**Raw data**
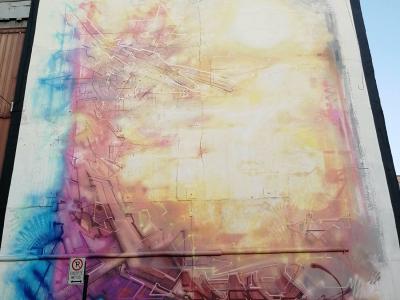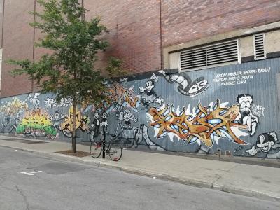 L'oeuvre est de type graffiti. Vous pouvez l'admirer dans la ville de Montréal en Canada et plus précisément ici : 830 Rue Sainte-Catherine E, Montréal, QC H2L 2E2, Canada.
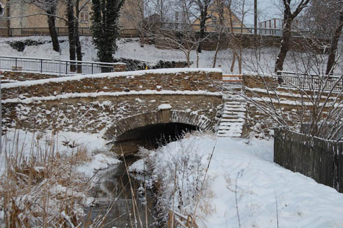 Denkmal: Die Grube „St. Anna samt Altväter“ litt im 17. Jahrhundert an akuten Aufschlagwassermangel für die Wasserhaltung beim Erzabbau auf ihren tiefen Sohlen. Bereits zwischen 1685 und 1715 wurde deshalb vom Münzbach ein Kunstgraben abgezweigt, der mittels eines 188 m langen und 24 m hohen Äquaduktes das Muldental überspannte und das Wasser der Grube auf dem Gegenhang zuleitete. Die dazu nötigen, zwölf steinernen Bögen hatten eine Spannweite zwischen 12 m und 14 m und standen auf den dicken talseitigen Pfeilern der noch erhaltenen Straßenbrücke. Von hier bis Großschirma
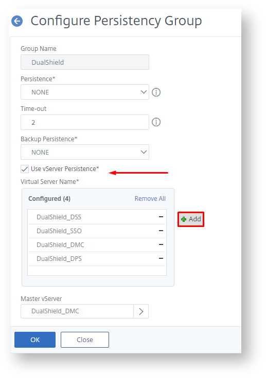 Enter "Name",  enable "Use vServer Persistence" and add all the virtual servers we have created.
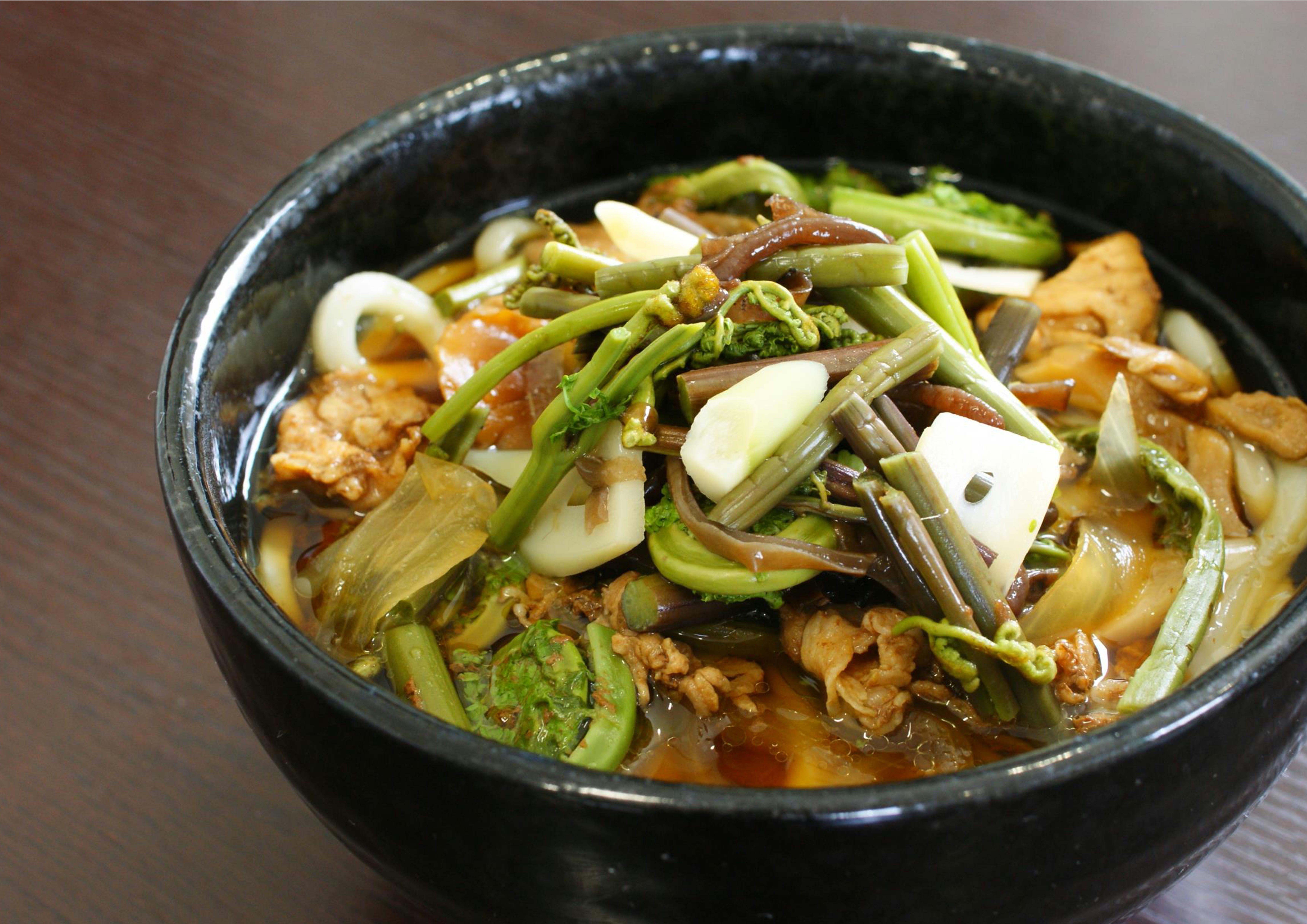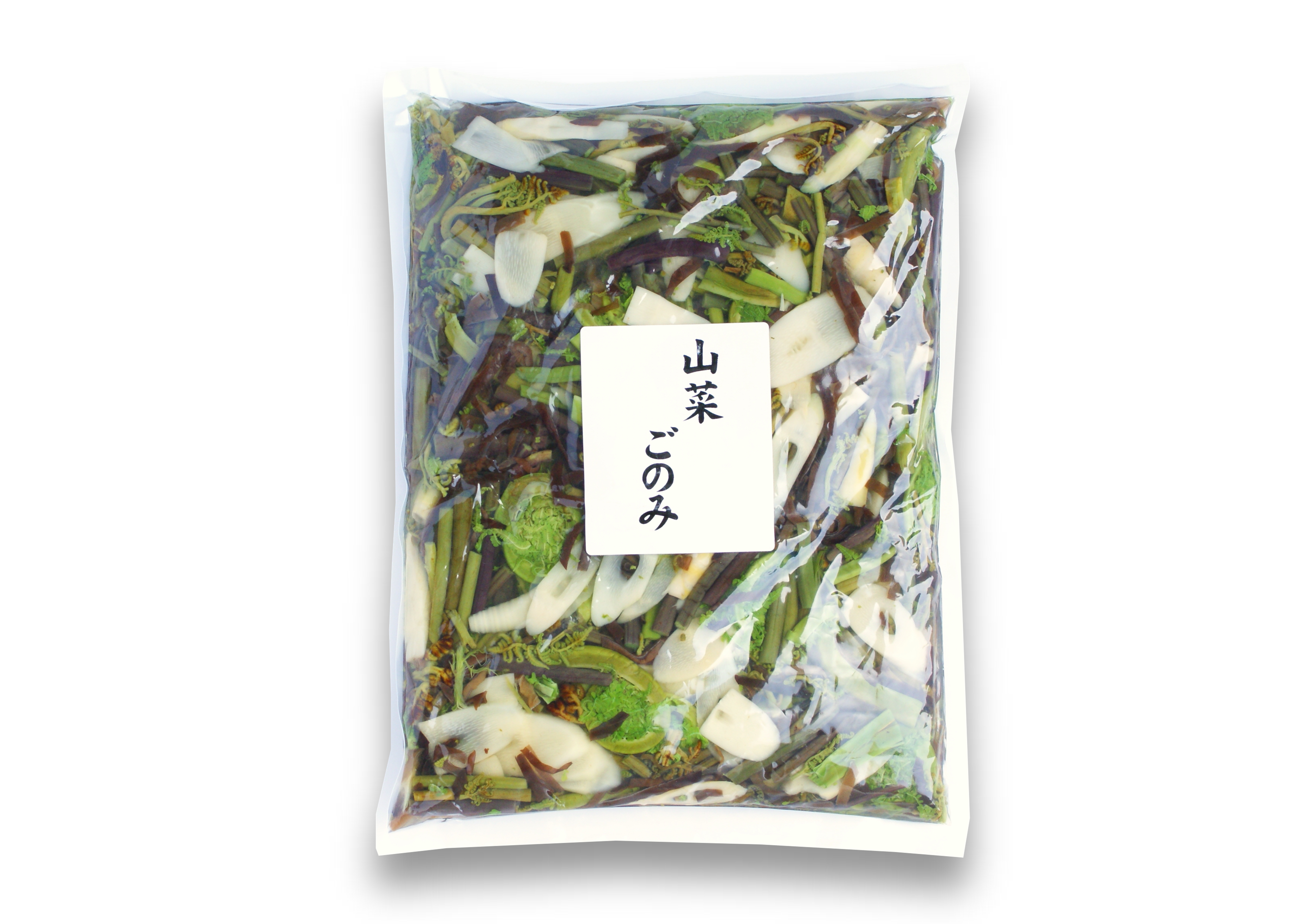 わらび、細竹、こごみ、木耳をオリジナルで味付けしミックスしました。大根おろしを添えて一品、そばやうどんのトッピング、炊き込みごはんなどにご活用いただけます。

**Work to complete**
Exactly as written, restate the lines from the one that contains "we have created." through the final line of the data, both ends included, but leave out the pictures.

**Result for this task**
 Enter "Name",  enable "Use vServer Persistence" and add all the virtual servers we have created.
 わらび、細竹、こごみ、木耳をオリジナルで味付けしミックスしました。大根おろしを添えて一品、そばやうどんのトッピング、炊き込みごはんなどにご活用いただけます。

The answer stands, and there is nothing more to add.